Most of the workers in these early days were “indentured servants” from England. They promised to work for an employer for an agreed number of years, usually about seven, in exchange for free passage to America. In 1619 a small Dutch warship brought twenty captured black Africans. The ship’s captain sold them to the settlers as indentured servants. The blacks were set to work in the tobacco fields. But unlike the whites working beside them they were indentured for life. In fact they were slaves, although it was years before their masters openly admitted the fact.

Virginia’s affairs had been controlled so far by governors sent over by the Virginia Company. Now the Company allowed a body called the House of Burgesses to be set up. The burgesses were elected representatives from the various small settlements along Virginia’s rivers. They met to advise the governor on the laws the colony needed. Though few realized it at that time, the Virginia House of Burgesses was the start of an important tradition in American life – that people should have a say in decisions about matters that concern them.

The Virginia Company never made a profit. By 1624 it had run out of money. The English king dissolved the Virginia Company and made Virginia a royal colony that year. Now the English government was responsible for colonists. There were still very few of them. Fierce Amerindian arracks in 1622 had destroyed several settlements and killed over 350 colonists. Out of nearly 10 000 settlers sent out since 1607, a 1624 census showed only 1,275 survivors.

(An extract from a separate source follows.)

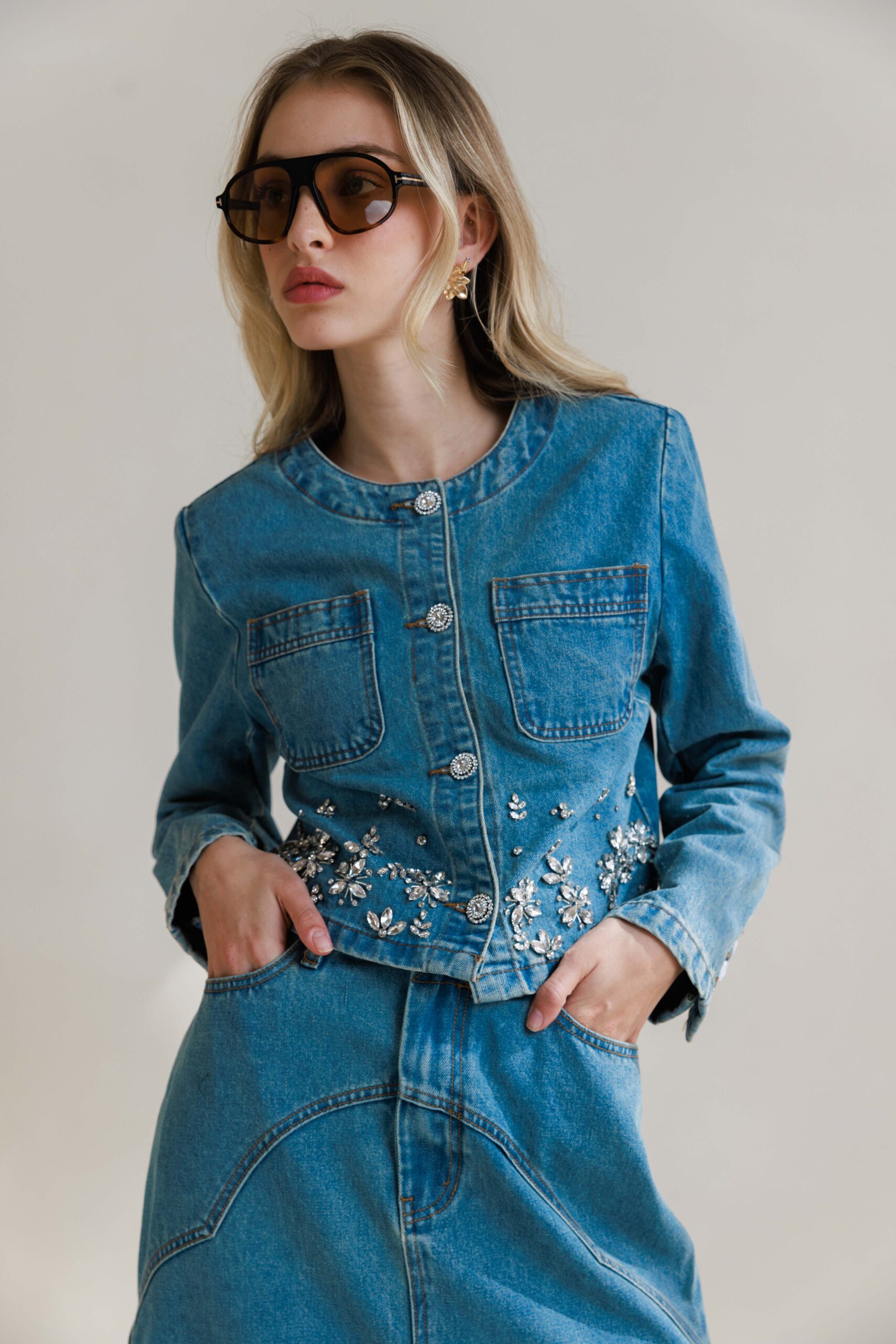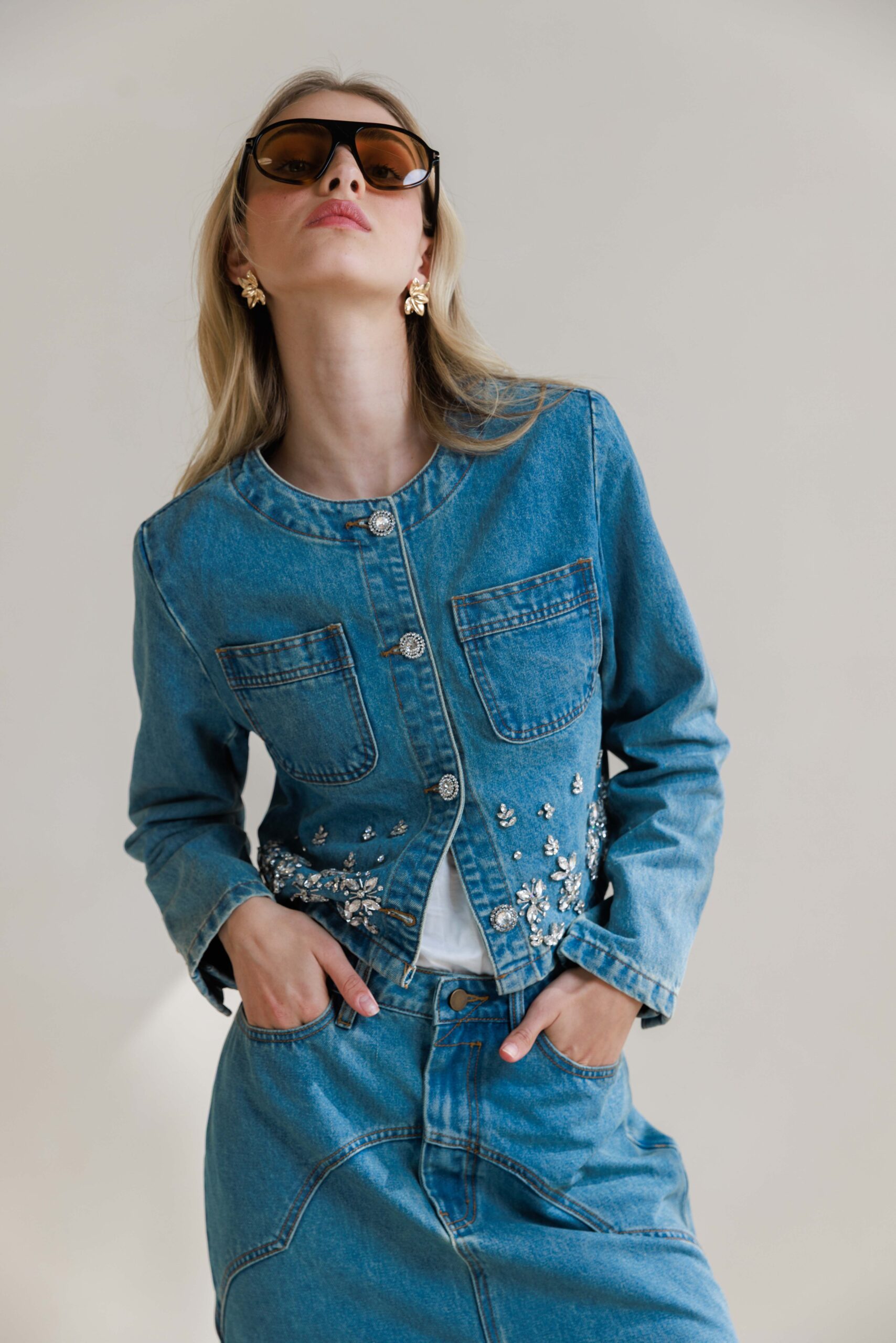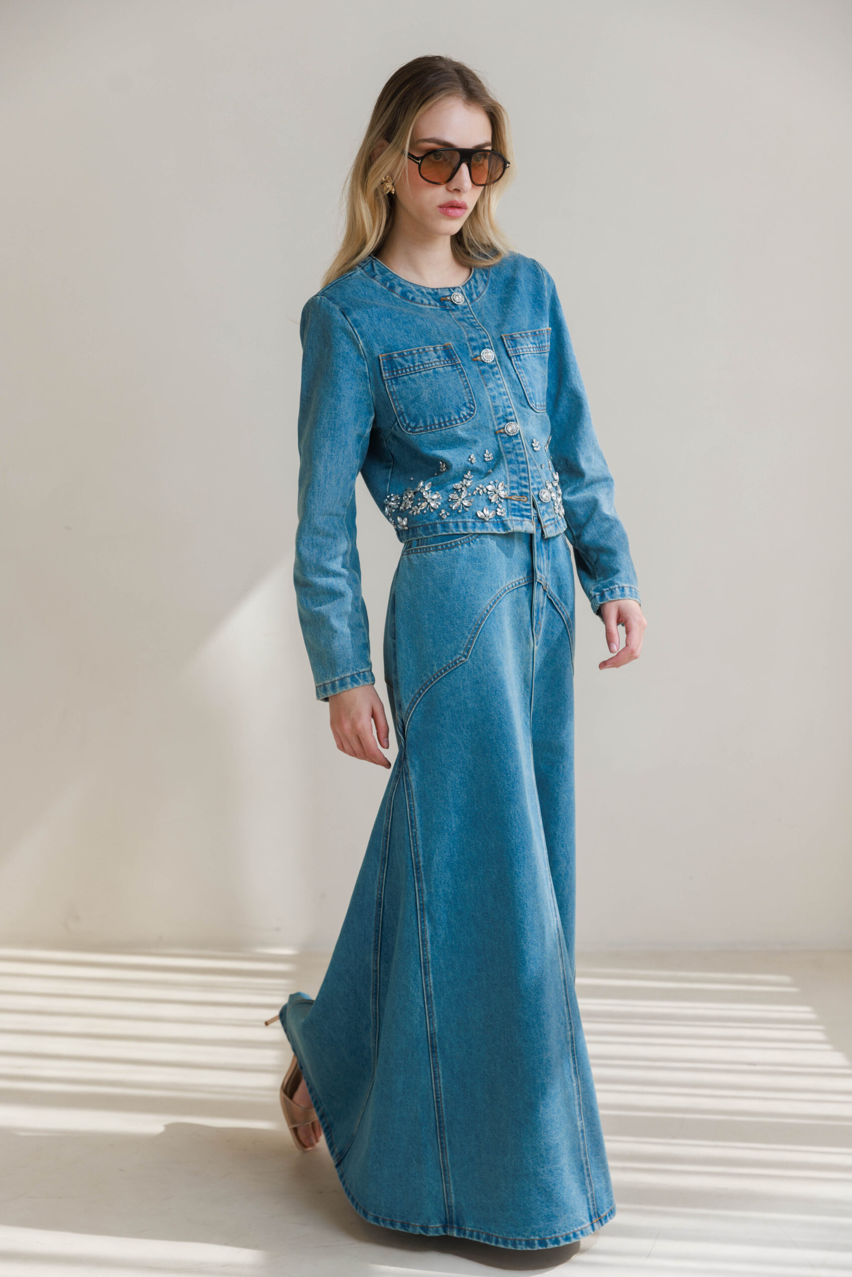 בד קליל בגוון כחול בהיר, עיטורי רקמה עדינה,

But the hardships had tightened the survivors. Building a new homeland had proved harder and taken longer than anyone had expected. But this first society of English people oversees had put down living roots into the American soil. Other struggles lay ahead, but by 1624 it was clear that Virginia would survive.

DISCUSSION

  1. What was the first successful British colony in America? What was its geographical position?

  2. What aim did the Virginia Company pursue when it paid the cost of the expedition?

  3. Were the first years of Jamestown easy? Did colonists choose a good site for their settlement?

  4. Soon after the colony had been established many of its members died. What were the most common causes of death in Jamestown?

  5. Why is it believed that the colony would have collapsed if it had not been for its young leader Captain John Smith?

  6. Were all those people sent to Jamestown from England going willingly? Prove your point.

  7. At that time Virginia had one big attraction that England lacked. What was it?

  8. It was not strict discipline that helped Virginia to survive, but a plant that grew there. What was it?

  9. What do we learn about “indentured servants”? What was the difference between them and black slaves who worked in tobacco fields?

  10. Did the Virginia Company ever make big profits due to the colony?